(Stored items from a collection)
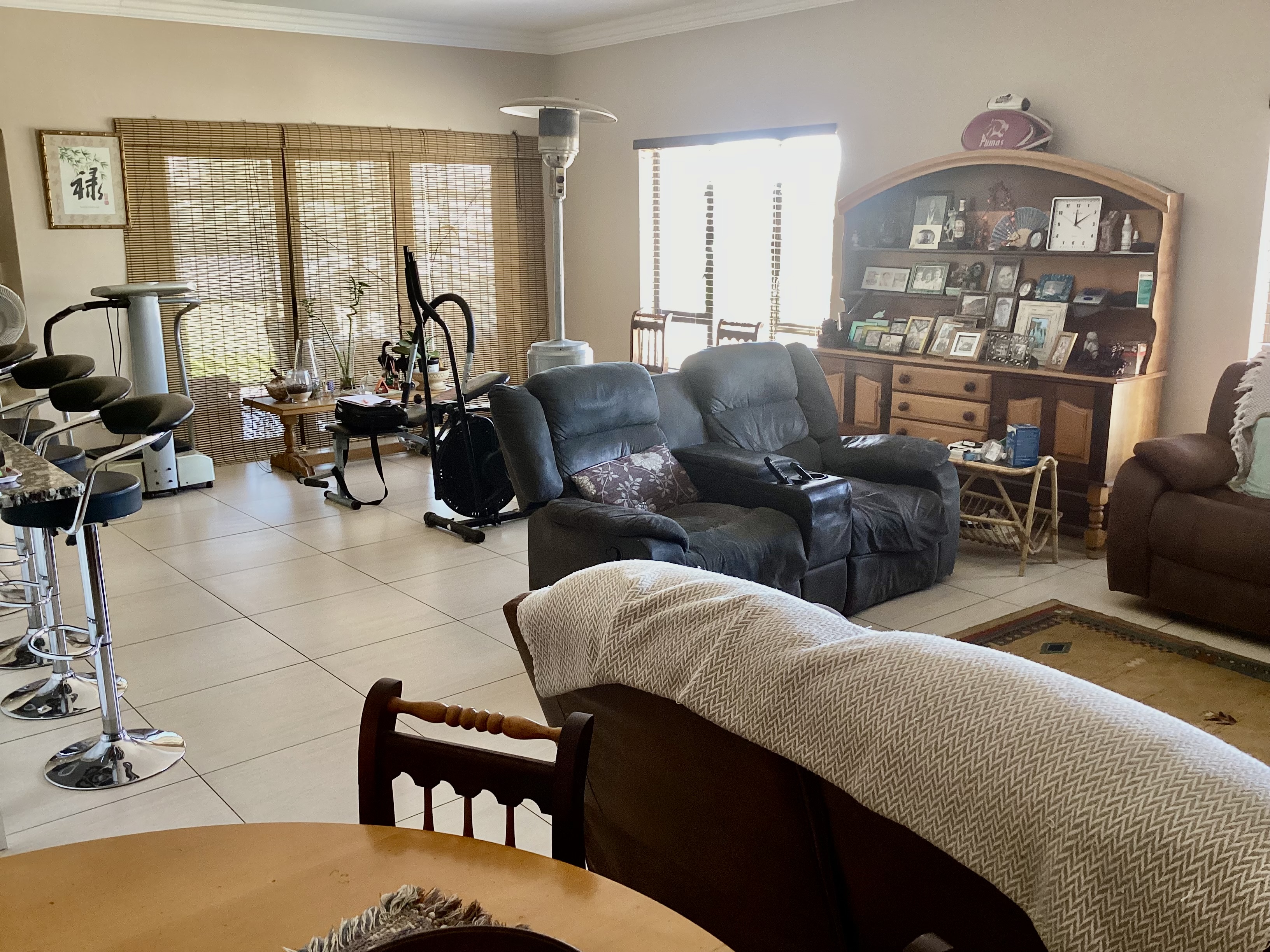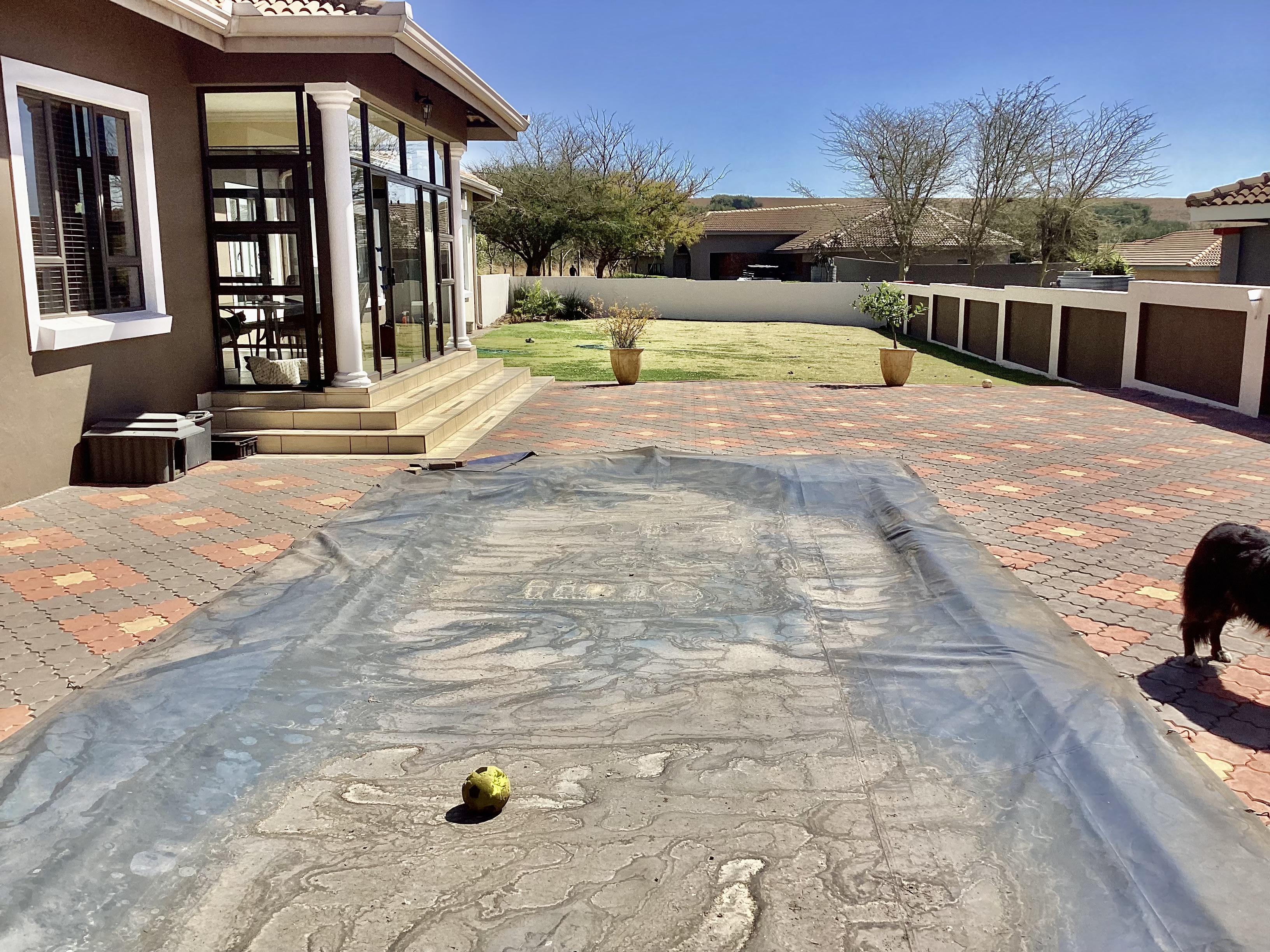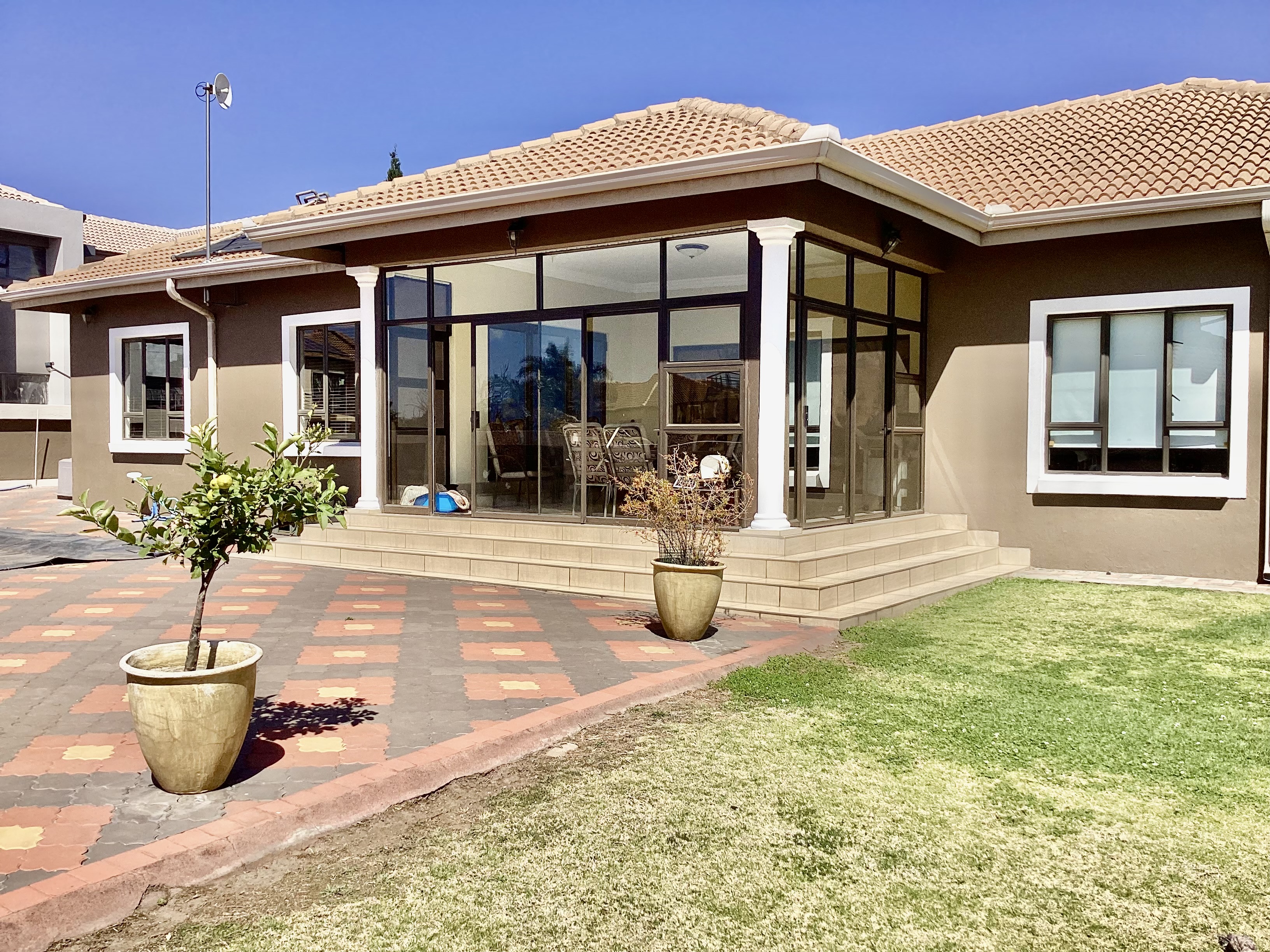 Enclosed entertainment room that leads you to a solar heated swimming pool and garden.
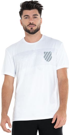 The K-Swiss Luxe Tech Crew Men's Tennis Shirt is designed for players seeking a blend of style and high-performance features. This shirt is crafted from advanced technical fabrics that offer moisture-wicking properties, ensuring you stay dry and comfortable during intense matches. The crew neck design provides a classic and comfortable fit, while the lightweight and breathable material allows for optimal airflow. Whether you're on the court or off, this shirt delivers both functionality and a sleek aesthetic.
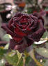 Florists Rose, Hybrid Tea. Dark red. None / no fragrance. Large, very full (41+ petals), borne mostly solitary, high-centered bloom form. Blooms in flushes throughout the season. USDA zone 7b and warmer. Height: up to 6' (up to 185cm). Jacques Mouchotte (2000).
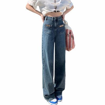 ワイドパンツ ロングズボン 長ズボン ハイウェストゆったり デザイン感 レディース服 ロングパンツ ジーンズ 着痩せ レディースモップパンツ ワイドパンツ ジーンズ デニムボトムス
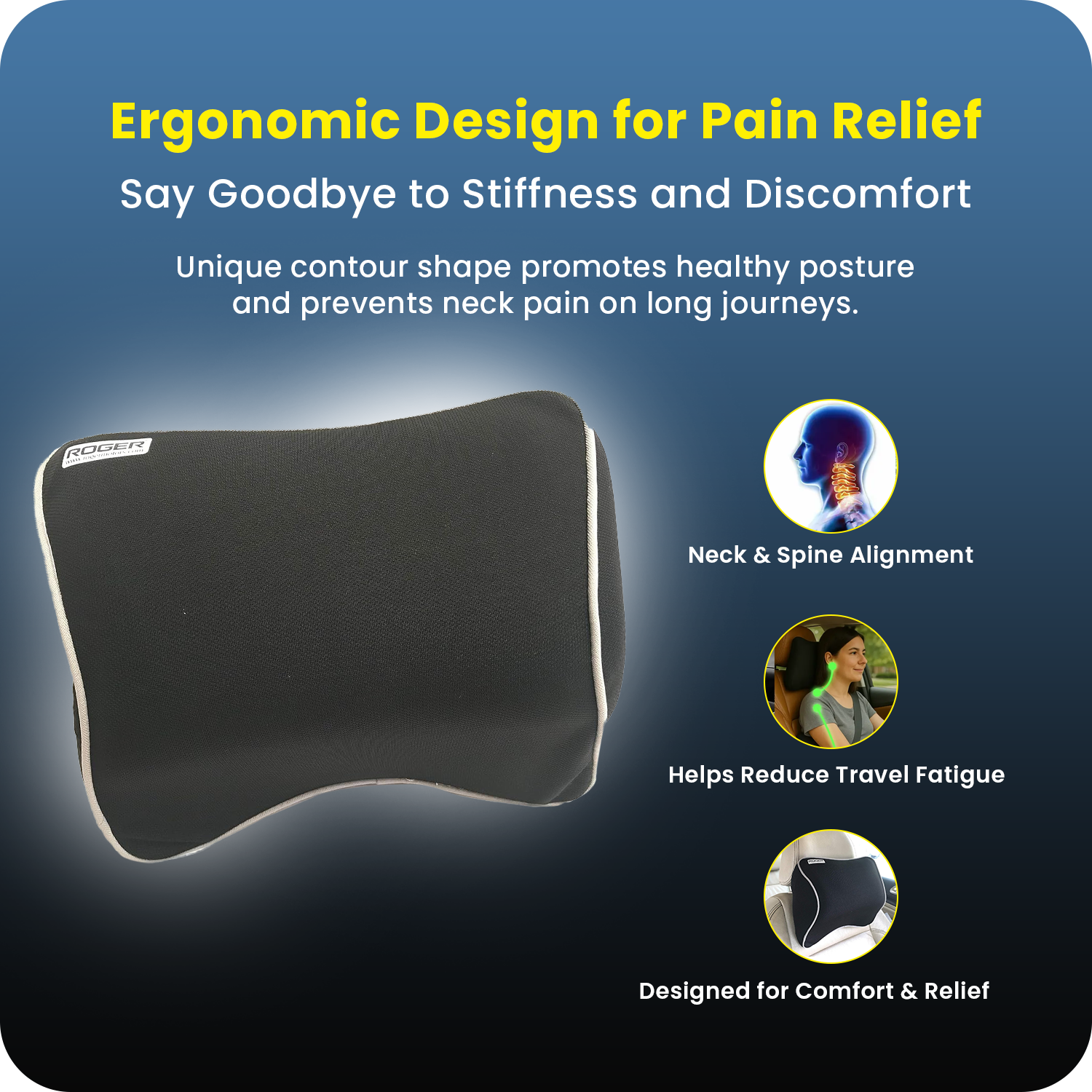 ROGER Car Headrest Pillow (Responsive Memory Foam)

## EXERCISE AIM
The reply should hold only the lines from the first line of the records above through the line containing "Florists Rose, Hybrid", copied exactly and without pictures.

## TASK RESULT
 Enclosed entertainment room that leads you to a solar heated swimming pool and garden.
 The K-Swiss Luxe Tech Crew Men's Tennis Shirt is designed for players seeking a blend of style and high-performance features. This shirt is crafted from advanced technical fabrics that offer moisture-wicking properties, ensuring you stay dry and comfortable during intense matches. The crew neck design provides a classic and comfortable fit, while the lightweight and breathable material allows for optimal airflow. Whether you're on the court or off, this shirt delivers both functionality and a sleek aesthetic.
 Florists Rose, Hybrid Tea. Dark red. None / no fragrance. Large, very full (41+ petals), borne mostly solitary, high-centered bloom form. Blooms in flushes throughout the season. USDA zone 7b and warmer. Height: up to 6' (up to 185cm). Jacques Mouchotte (2000).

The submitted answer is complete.